▶ _THE DATA_:
_ _ _ _ _ _ _

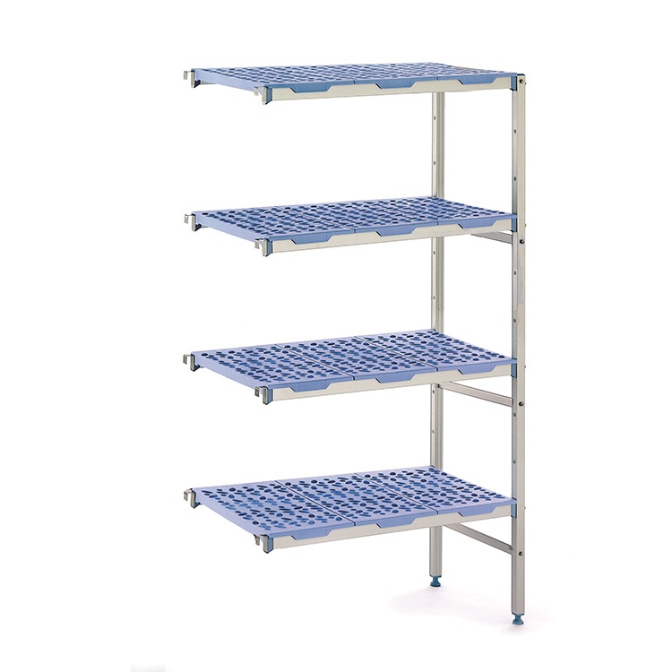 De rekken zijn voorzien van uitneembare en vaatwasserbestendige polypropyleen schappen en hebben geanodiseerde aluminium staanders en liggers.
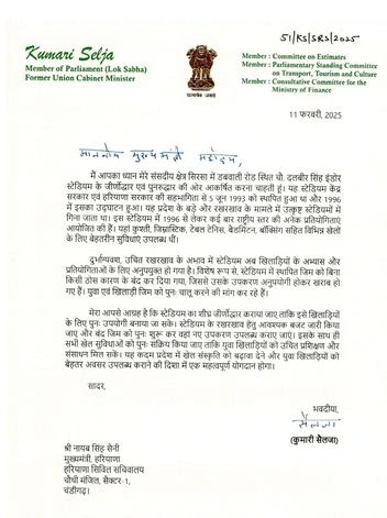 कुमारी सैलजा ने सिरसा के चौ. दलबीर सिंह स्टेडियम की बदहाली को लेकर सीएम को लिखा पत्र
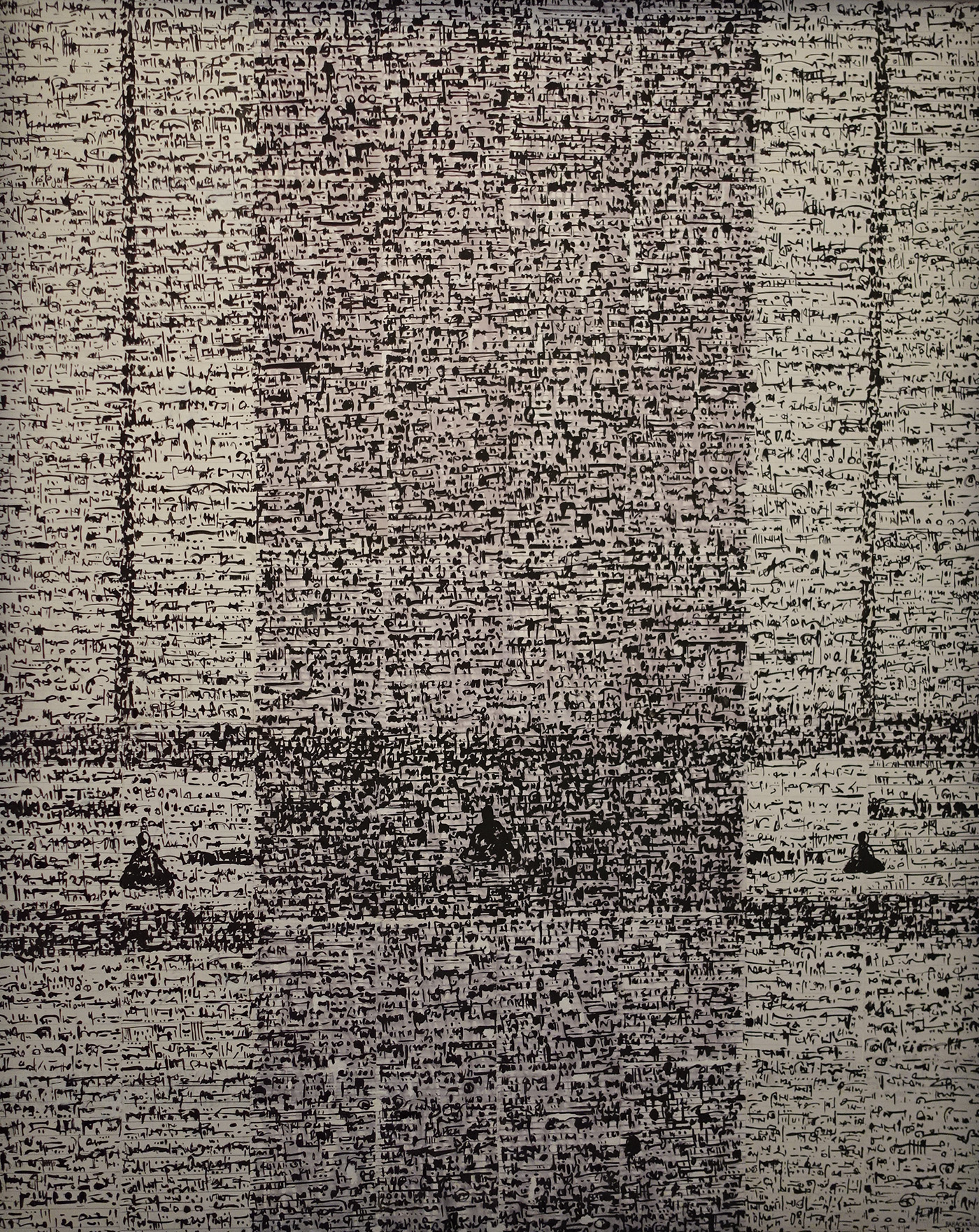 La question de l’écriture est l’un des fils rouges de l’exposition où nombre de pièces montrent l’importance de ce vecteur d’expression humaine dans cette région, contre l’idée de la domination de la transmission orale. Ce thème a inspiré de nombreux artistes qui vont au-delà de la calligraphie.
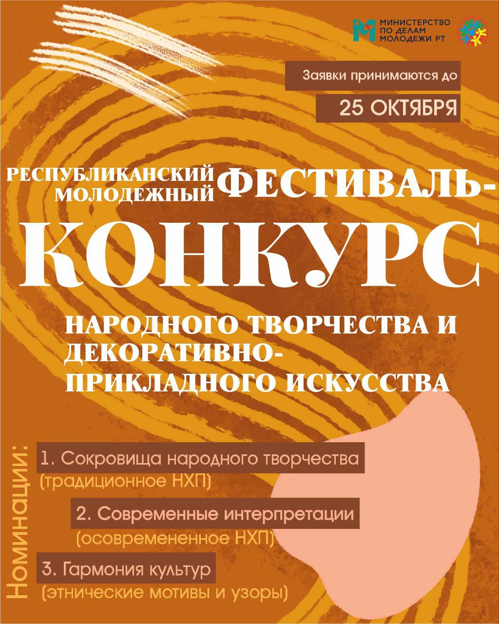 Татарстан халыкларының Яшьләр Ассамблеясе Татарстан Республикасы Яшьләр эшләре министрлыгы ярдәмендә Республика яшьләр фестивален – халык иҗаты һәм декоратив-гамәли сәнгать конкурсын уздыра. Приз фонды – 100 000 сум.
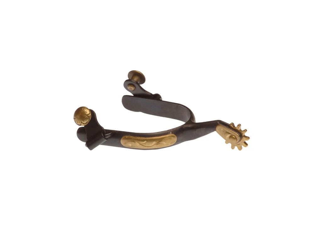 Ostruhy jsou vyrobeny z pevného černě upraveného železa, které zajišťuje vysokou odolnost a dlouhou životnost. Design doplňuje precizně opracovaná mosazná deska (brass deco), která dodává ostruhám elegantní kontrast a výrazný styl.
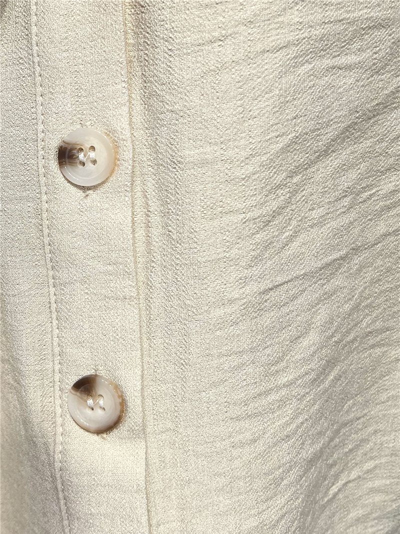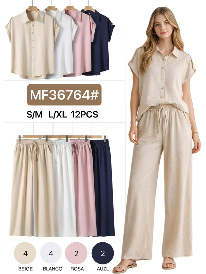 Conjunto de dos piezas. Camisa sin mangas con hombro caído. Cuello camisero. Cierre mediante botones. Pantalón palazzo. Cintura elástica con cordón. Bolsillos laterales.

_ _ _ _ _ _ _

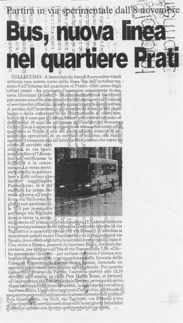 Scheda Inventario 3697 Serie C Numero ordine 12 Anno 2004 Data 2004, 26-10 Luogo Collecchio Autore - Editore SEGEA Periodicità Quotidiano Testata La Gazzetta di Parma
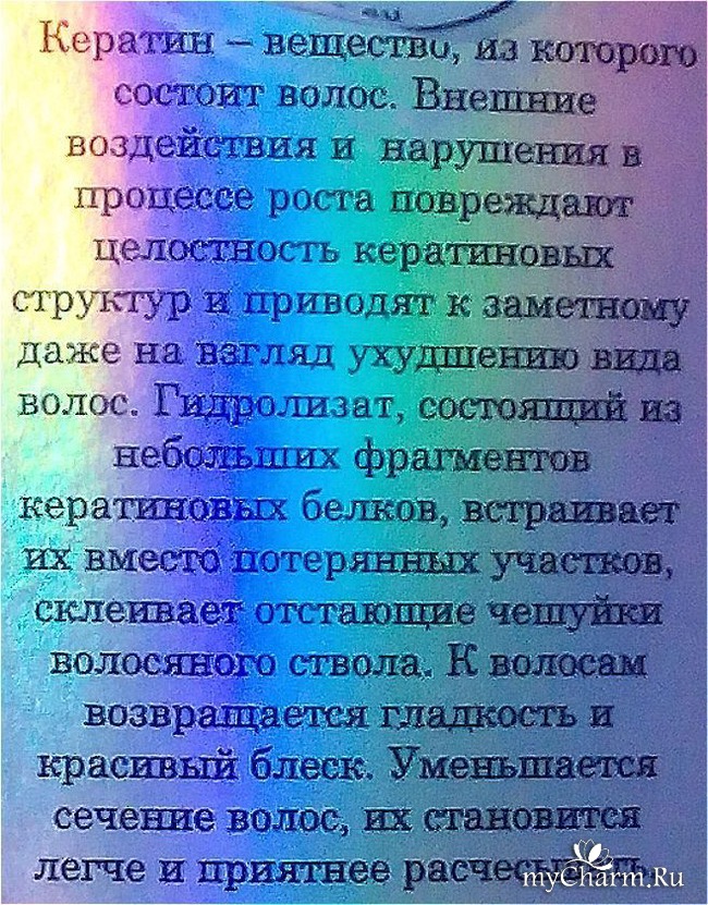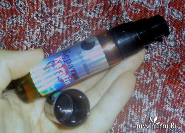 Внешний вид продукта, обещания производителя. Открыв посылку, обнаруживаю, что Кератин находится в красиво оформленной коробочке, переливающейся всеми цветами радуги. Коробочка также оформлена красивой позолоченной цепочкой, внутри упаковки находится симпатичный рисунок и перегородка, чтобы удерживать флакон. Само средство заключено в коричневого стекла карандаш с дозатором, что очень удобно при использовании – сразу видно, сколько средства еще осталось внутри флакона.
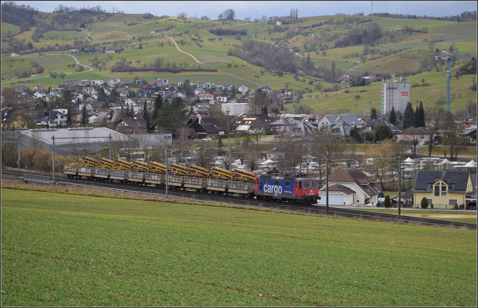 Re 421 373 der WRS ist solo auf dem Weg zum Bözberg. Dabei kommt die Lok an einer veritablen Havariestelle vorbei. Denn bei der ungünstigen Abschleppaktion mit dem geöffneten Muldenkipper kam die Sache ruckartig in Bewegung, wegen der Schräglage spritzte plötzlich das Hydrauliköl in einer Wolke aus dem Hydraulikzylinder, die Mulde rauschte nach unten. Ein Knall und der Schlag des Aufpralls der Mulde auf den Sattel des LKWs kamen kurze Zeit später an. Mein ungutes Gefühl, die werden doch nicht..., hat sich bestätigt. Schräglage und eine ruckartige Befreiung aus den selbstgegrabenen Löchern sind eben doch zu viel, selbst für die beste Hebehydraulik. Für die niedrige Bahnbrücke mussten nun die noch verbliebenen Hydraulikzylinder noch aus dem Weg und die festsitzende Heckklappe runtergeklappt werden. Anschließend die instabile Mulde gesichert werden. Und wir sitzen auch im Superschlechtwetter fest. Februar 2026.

_ _ _ _ _ _ _

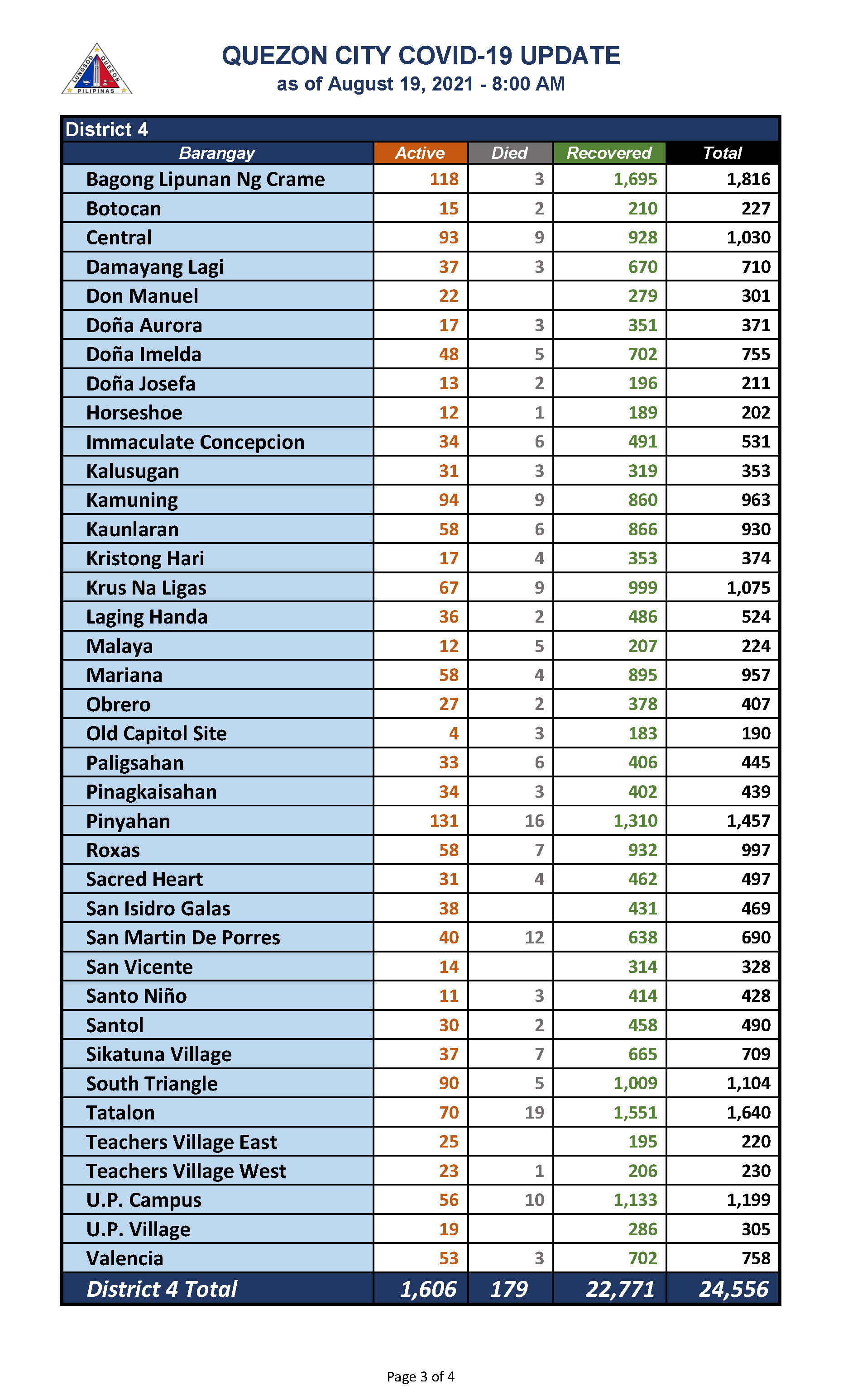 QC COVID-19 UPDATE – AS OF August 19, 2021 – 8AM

_ _ _ _ _ _ _

▶ _AIM OF THE EXERCISE_: Above are some records; extract exactly the lines from the one containing "La question de" through the one containing "Conjunto de dos" and drop the pictures.

▶ _ANSWER BOX_:
 La question de l’écriture est l’un des fils rouges de l’exposition où nombre de pièces montrent l’importance de ce vecteur d’expression humaine dans cette région, contre l’idée de la domination de la transmission orale. Ce thème a inspiré de nombreux artistes qui vont au-delà de la calligraphie.
 Татарстан халыкларының Яшьләр Ассамблеясе Татарстан Республикасы Яшьләр эшләре министрлыгы ярдәмендә Республика яшьләр фестивален – халык иҗаты һәм декоратив-гамәли сәнгать конкурсын уздыра. Приз фонды – 100 000 сум.
 Ostruhy jsou vyrobeny z pevného černě upraveného železa, které zajišťuje vysokou odolnost a dlouhou životnost. Design doplňuje precizně opracovaná mosazná deska (brass deco), která dodává ostruhám elegantní kontrast a výrazný styl.
 Conjunto de dos piezas. Camisa sin mangas con hombro caído. Cuello camisero. Cierre mediante botones. Pantalón palazzo. Cintura elástica con cordón. Bolsillos laterales.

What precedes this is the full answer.